Après avoir subi plusieurs agressions, le docteur Saïd Ouichou a déménagé et installé des caméras de surveillance dans son nouveau cabinet des quartiers nord de Marseille.
"C'est une façon d'avoir un contrôle sur les gens qui rentrent et qui sortent dans le cabinet." Le docteur Saïd Ouichou a fini par craquer après avoir subi de nombreuses agressions. Ce généraliste a été contraint de déménager et a installé des caméras de surveillance dans le parking et la salle d'attente de son nouveau cabinet des quartiers nord de Marseille.
"On a eu plusieurs fois des affrontements avec des jeunes (...) Quand on leur dit "c'est complet, c'est l'heure de partir" (...) ils insistent pour rentrer de force, ils cassent la vitrine..." : l'un des patients du docteur Ouichou se souvient bien du climat de violences qui régnait dans son ancien cabinet. Il préfère aujourd'hui témoigner anonymement, par crainte de représailles.
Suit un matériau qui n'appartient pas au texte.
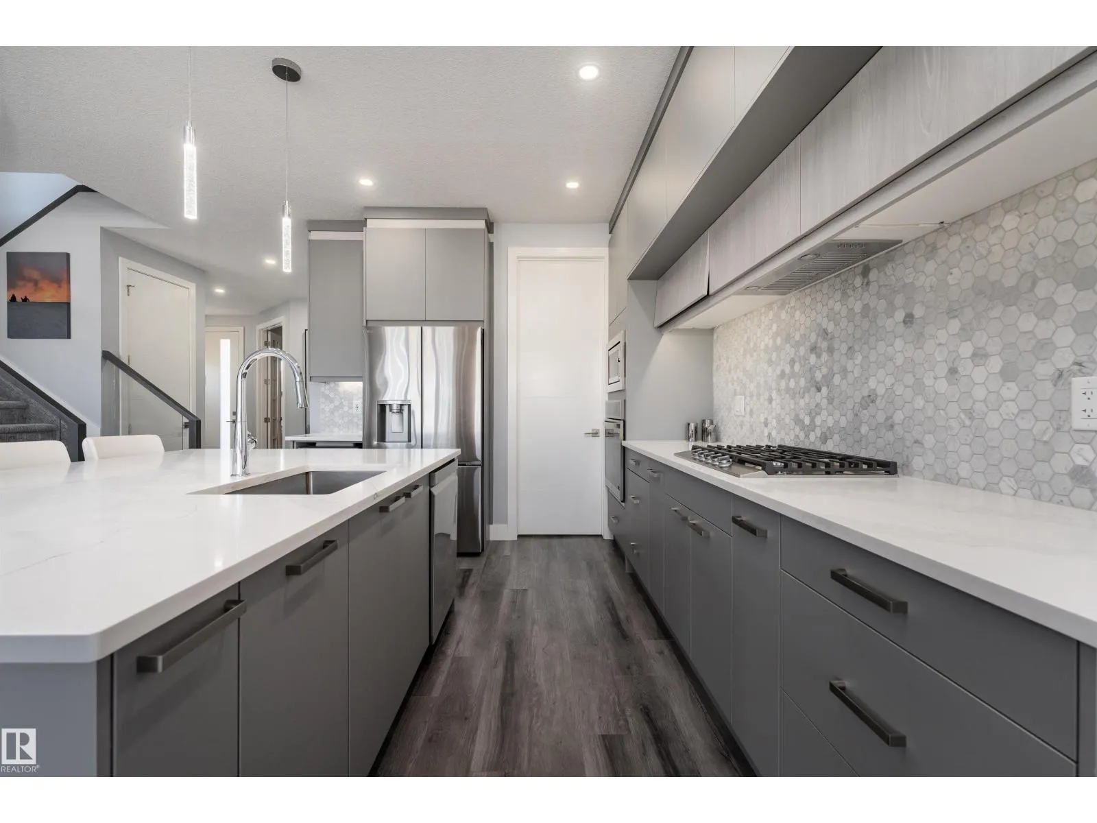 Exceptional customized home located in the up-and-coming community of Fenwyck, backing onto a walking trail. Move-in ready with a fully fenced and landscaped backyard. The main floor features a versatile bedroom currently used as an office, along with 9 ft ceilings and open-to-above design filled with natural light from large windows. The chef-inspired kitchen boasts a gas cooktop, built-in oven,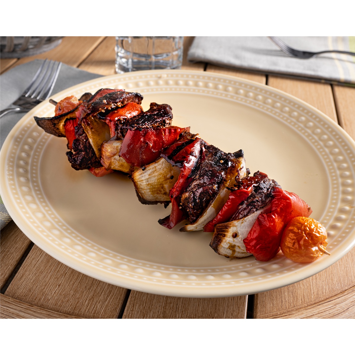 12 Skewers of grilled steak, onions, peppers, and cherry tomatoes seasoned in a peppercorn marinade. Serves 10-12.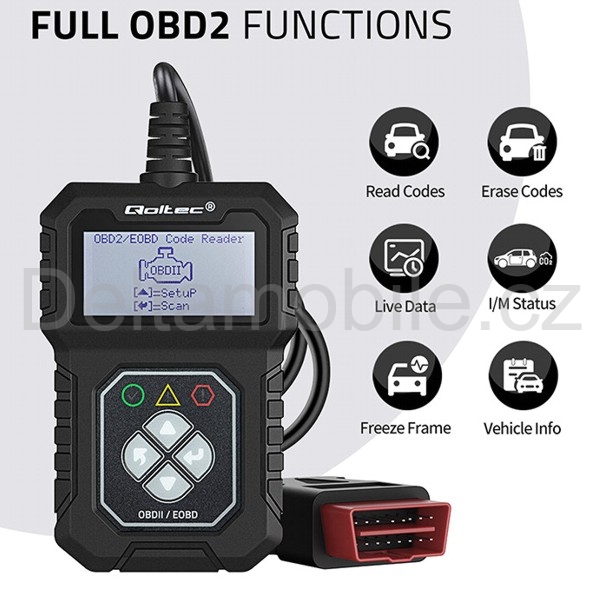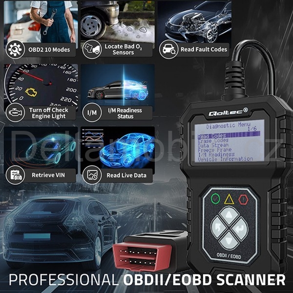Vlastnosti: Čtení a mazání chybových kódů motoru (DTC) Zhasnutí kontrolky motoru (MIL) Zobrazení dat ze senzorů v reálném čase (Live Data) Analýza dat zmrazeného obrazu Kontrola stavu připravenosti I/M (např. pro MOT)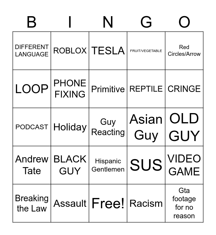 This bingo card has 39 words: SECRET FILMING, BABY, MONEY RELATED, REPTILE, Gta footage for no reason, Andrew Tate, PHONE FIXING, LIFE HACK, FRUIT/VEGETABLE, OLD GUY, LOOP, ROBLOX, Free!, SUS, CRINGE, PODCAST, UNBOXING, TESLA, HACKING, VIDEO GAME, DIFFERENT LANGUAGE, BLACK GUY, Guy Reacting, Asian Guy, EDIT, Breaking the Law, Assault, Narration, Bald Guy, Red Circles/Arrow, Pranks, Cat/Dog, Primitive, Racism, Sigma, Conspiracy, Holiday, Hispanic Gentlemen and Monkeys.

Plusieurs plaintes classées sans suite
En septembre 2022, le docteur Ouichou avait fermé le cabinet qu'il avait ouvert quinze ans plus tôt après "l'agression de trop", selon ses propres mots. Il avait alors manqué de se faire frapper dans son cabinet.
Un patient "tambourine à la porte en (...) demandant 'Donnez-moi mon ordonnance maintenant', se souvient-il. Je lui ai expliqué qu'il fallait quand même attendre. Je ne sais pas pourquoi, il s'est mis à crier. Son copain, dehors, voulait me frapper. Les patients se sont interposés. J'ai fini par arrêter la consultation et fermer mon cabinet, suite à cet incident."
Au cours des dernières années, le docteur Saïd Ouichou a indiqué avoir déposé plusieurs plaintes après avoir subi "des insultes", des "menaces de mort", et même une "tentative d'incendie" de son cabinet. Mais elles ont toujours été classées sans suite.
Une "impunité" en partie responsable selon lui de la hausse des agressions : en 2022, 1 244 incidents et violences ont été recensés en France, selon les derniers chiffres publiés par l’Observatoire de la sécurité des médecins. Soit une augmentation de 23% en un an.
Dans le détail, 33 % des faits sont liés à un reproche relatif à une prise en charge, 20 % des faits sont liés à des refus de prescrire un médicament en particulier ou un arrêt de travail. Le reste des incidents concernent la falsification de document, d'ordonnance ou de certificat, une attente jugée excessive ou des vols.
"Le médecin est en première ligne"
En mai, le docteur avait exprimé plus largement son ressenti à propos de ces violences. Certaines sont, selon lui, spécifiques aux quartiers défavorisés, théâtre de trafics de stupéfiants, à l'instar des dérapages liés la demande de prégabaline, un psychotrope plus connue sous le nom Lyrica. Les patients "deviennent agressifs s'ils n'obtiennent pas l'ordonnance. Une consœur a été agressée récemment", avait-il expliqué.
Le médecin avait aussi pointé une offre de soin insuffisante : "Il y a un fort mécontentement généralisé des patients face à un système de santé qui s'aggrave", avait estimé le médecin.
Certains sont refoulés des urgences. Le médecin est en première ligne et prend tout sur la figure.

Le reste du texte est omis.